Before approving a personal loan application, banks and NBFCs ensure that the applicant has a sufficient repayment capacity to pay the EMIs by their due dates. For this, they use metrics like FOIR (Fixed Income to Obligation Ratio).
In this article, let us dive further into FOIR and learn how it impacts personal loan approval.
What is FOIR? How is FOIR Calculated?
FOIR refers to the proportion of one’s monthly income used for servicing his fixed monthly obligations. Lenders usually consider the EMI obligations, including the one of the proposed loan, for arriving at an applicant’s fixed monthly obligations. Many lenders also call this as EMI/NMI or EMI/GMI ratio depending on whether the applicant’s net monthly income or gross monthly income is considered for calculating this ratio.
For example, if your current salary is 50,000 and you have existing fixed monthly obligations of Rs 20,000 (including the EMI of the proposed personal loan of Rs 1 lakh), then the applicant’s FOIR will be 40% (20,000/ 50,000 x 100).
However, some lenders factor in the applicants’ monthly living expenses like rent, insurance premiums along with their EMI to arrive at the fixed monthly obligations.
Continuing with the aforementioned example, if the applicant’s monthly living expenses amounting to Rs 15,000 are also factored in, then the applicant’s FOIR will increase to 70%.
Personal Loan at Attractive Interest Rates Click Here
How FOIR affects personal loan eligibility?

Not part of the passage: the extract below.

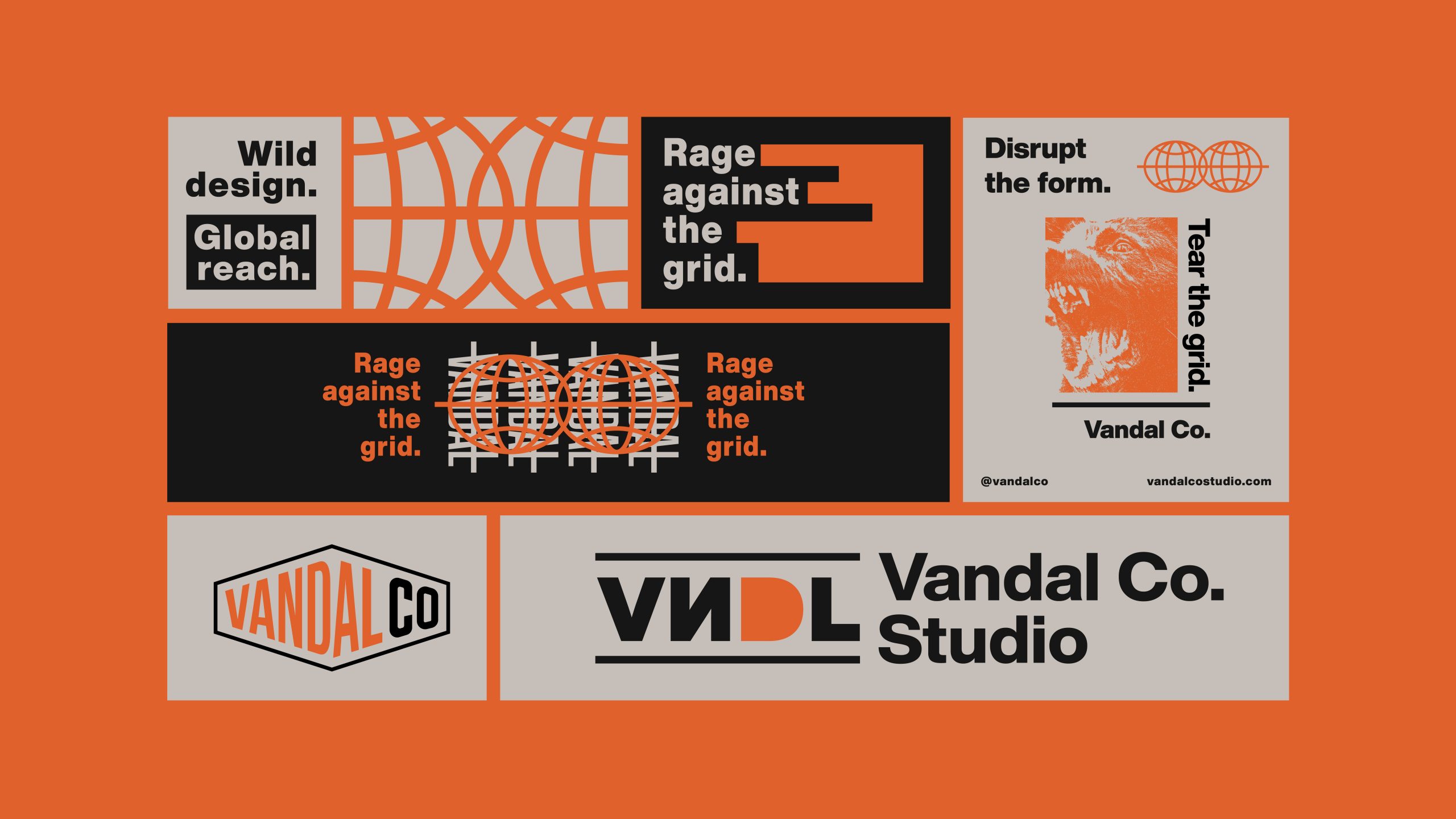 El lenguaje visual se centra en el naranja eléctrico y los negros y blanquecinos prístinos. El logotipo de la insignia de diamante personalizado presenta “VANDAL Co.” El nombre tiene una forma de letra clara y comprimida. La variante de marca de texto lo reduce a “VNDL” con un espacio negativo de alto contraste. Ambas marcas son claramente visibles desde lejos.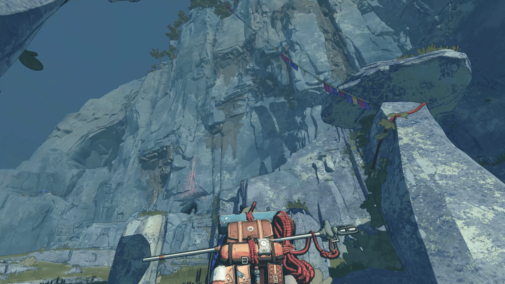 À cela s’ajoutent de nouveaux facteurs au fil de l’escalade. Il faut prendre en compte la faim et la soif, car, si Aava peut boire, il lui est impossible de manger en pleine ascension, sauf dans le cas où elle est vachée. En effet, l’inventaire du jeu est représenté par son sac à dos et sa capacité est très limitée. Celui-ci est intégré de façon diégétique, il fonctionne donc comme un élément de gameplay. Il est possible de boire ou de planter un piton lors de l’escalade, car ces éléments sont à portée de la main d’Aava.

Lenders usually require their personal loan applicants to have FOIR or EMI/NMI ratio of less than 50% – 55%. Hence, those exceeding FOIR or EMI/NMI ratio of 50%-55% have lower chances of personal loan approval. Note that some lenders may set higher FOIR for those having higher income.
Click to know other factors determining personal loan eligibility.
How to reduce FOIR?
Individuals with higher FOIR can improve their loan approval chances by practising the following tips:
- Increase your loan tenure: Applicants with higher FOIR can improve their FOIR by increasing their loan tenure. Extending your loan repayment period will reduce your EMI obligations and thereby, improve your FOIR.
- Add a co-applicant: The lender will also consider the income of the co-applicant while evaluating repayment capacity. Hence, adding an earning family member as a co-applicant would help in reducing FOIR.